Anathallo was a band originally from Mt. Pleasant, Michigan and then based in Chicago, Illinois. The band started practicing in the fall of 2000 and played their first show soon afterward. Their name is derived from a Greek word meaning "to renew, refresh or bloom again."

Anathallo released Floating World, their first nationally distributed record, in 2006 through Sony/BMG. The band released a follow-up, entitled Canopy Glow, on Anticon in 2008.

History
Anathallo was formed in Mt. Pleasant, Michigan, in 2000. The band, led by singer and guitarist Matt Joynt, often consisting of seven or eight members, operated in a relentlessly DIY manner for the first six years of its existence, releasing three EPs (one independently, and two on Selah Records) one full-length album (Sparrows originally on Selah Records) and independently booking eighteen national tours between the years 2000 and 2006.

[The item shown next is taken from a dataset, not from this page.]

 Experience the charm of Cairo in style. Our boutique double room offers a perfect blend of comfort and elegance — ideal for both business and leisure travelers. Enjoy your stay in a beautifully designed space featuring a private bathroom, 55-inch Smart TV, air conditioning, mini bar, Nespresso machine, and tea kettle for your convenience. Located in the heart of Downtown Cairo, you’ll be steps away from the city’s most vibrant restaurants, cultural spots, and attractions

In 2006 the band independently released Floating World, a concept album based on a Japanese story called Hana-Saka-Jiji,. Soon after, the album was re-released with wider distribution through Sony/BMG. The album spawned several songs that were used in television commercials, including "Yuki! Yuki! Yuki!" in a Vick's ad, and "Dokkoise House (With Face Covered)" in an American Express commercial. The income from these licenses allowed the band a less stressful experience pursuing their follow-up album. The group relocated to Chicago, Illinois, and accepted an invitation to be artists-in-residence at Berry United Methodist Church where they began working on their follow-up LP, "Canopy Glow".

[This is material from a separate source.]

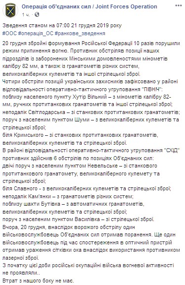 "20 декабря вооруженные формирования Российской Федерации 10 раз нарушили режим прекращения огня. Противник обстрелял позиции наших подразделений из запрещенных Минскими договоренностями минометов калибра 82 мм, а также из гранатометов различных систем, крупнокалиберных пулеметов и другого стрелкового оружия", - говорится в сообщении.

In 2008, Canopy Glow — which was recorded at Engine Studios by engineer/producer Neil Strauch — was released to critical acclaim in the US, EU, and Japan. Following the release of Canopy Glow, the band toured with an eclectic variety of artists including Sam Amidon, Brand New, Aloha, Page France, The Format, Dosh, Manchester Orchestra and Rainer Maria, played Austin City Limits, Coachella, and Lollapalooza, and shared the stage with Joanna Newsom, Broken Social Scene and Sufjan Stevens. The group toured in support of Canopy Glow with two headlining US tours, one tour of the UK, two European tours and two tours in Japan before going on hiatus in 2009.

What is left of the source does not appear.